→ WHAT YOU ARE ASKED TO DO
Nothing but the lines from the one containing "熊本市では273人を採用。大" through the end of the entries below should appear in your answer, transcribed exactly; please drop the pictures.

→ DATA FOR ANALYSIS
----

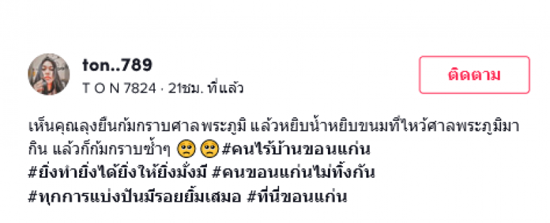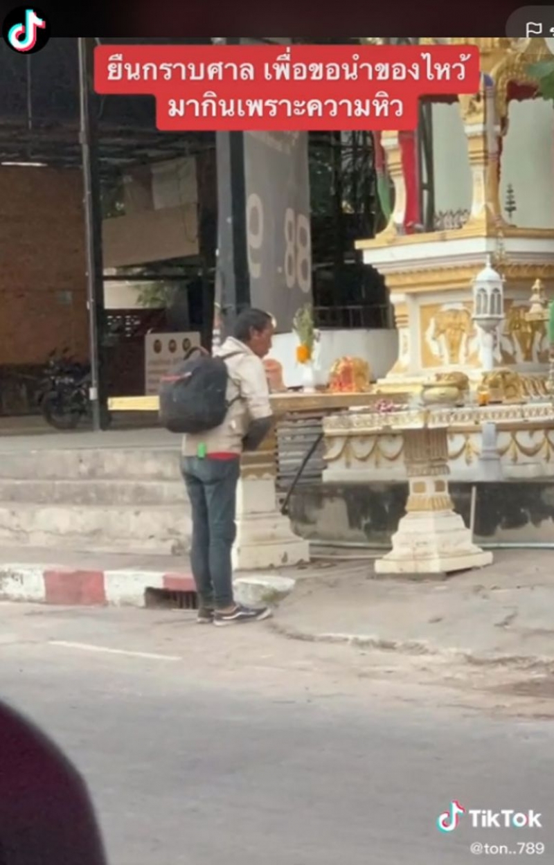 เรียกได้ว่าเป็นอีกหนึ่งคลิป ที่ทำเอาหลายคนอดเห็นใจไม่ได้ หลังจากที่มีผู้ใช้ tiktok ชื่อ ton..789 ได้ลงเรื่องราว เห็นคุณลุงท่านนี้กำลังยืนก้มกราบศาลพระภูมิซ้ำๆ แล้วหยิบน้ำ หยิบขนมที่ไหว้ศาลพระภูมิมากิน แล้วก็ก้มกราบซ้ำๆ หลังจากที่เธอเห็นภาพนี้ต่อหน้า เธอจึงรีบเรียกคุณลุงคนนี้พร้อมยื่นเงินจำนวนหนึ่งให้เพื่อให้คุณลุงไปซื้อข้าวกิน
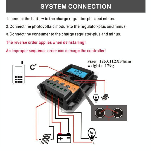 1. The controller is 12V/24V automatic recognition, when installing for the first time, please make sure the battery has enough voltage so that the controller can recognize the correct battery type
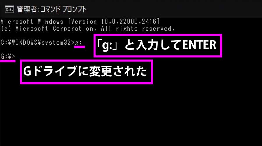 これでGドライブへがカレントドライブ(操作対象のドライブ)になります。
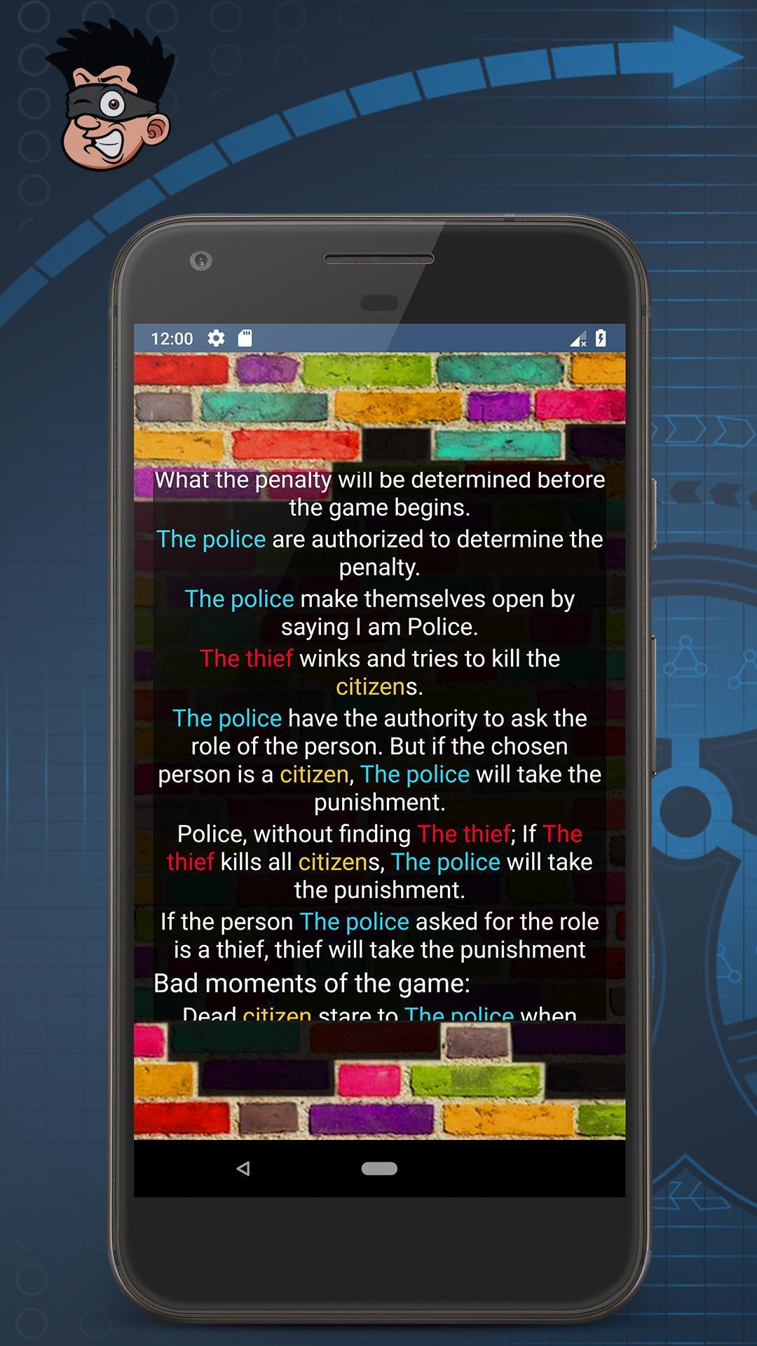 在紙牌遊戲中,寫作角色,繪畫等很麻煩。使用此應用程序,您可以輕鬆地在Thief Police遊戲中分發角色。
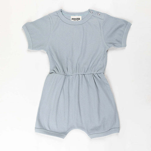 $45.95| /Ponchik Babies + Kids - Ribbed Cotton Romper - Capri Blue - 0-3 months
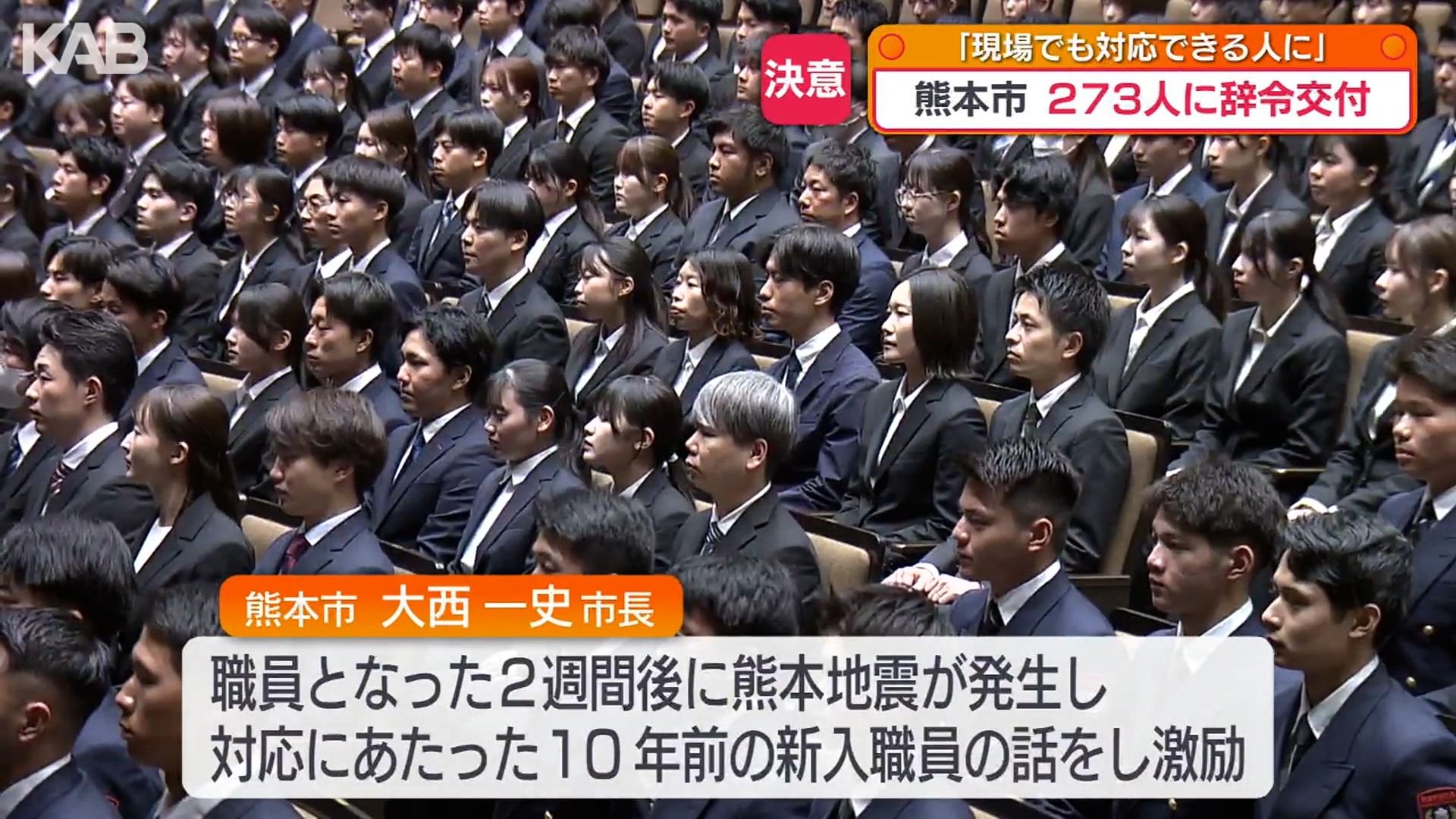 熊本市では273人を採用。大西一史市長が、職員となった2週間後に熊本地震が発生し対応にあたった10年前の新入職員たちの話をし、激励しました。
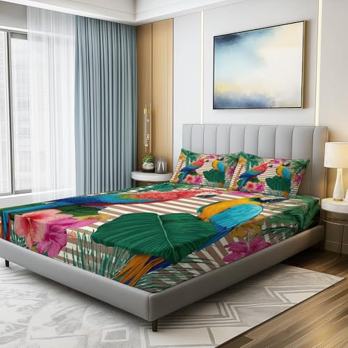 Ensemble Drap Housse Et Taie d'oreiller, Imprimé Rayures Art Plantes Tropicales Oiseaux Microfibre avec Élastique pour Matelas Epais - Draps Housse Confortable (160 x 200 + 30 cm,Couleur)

----

→ TASK OUTPUT
 熊本市では273人を採用。大西一史市長が、職員となった2週間後に熊本地震が発生し対応にあたった10年前の新入職員たちの話をし、激励しました。
 Ensemble Drap Housse Et Taie d'oreiller, Imprimé Rayures Art Plantes Tropicales Oiseaux Microfibre avec Élastique pour Matelas Epais - Draps Housse Confortable (160 x 200 + 30 cm,Couleur)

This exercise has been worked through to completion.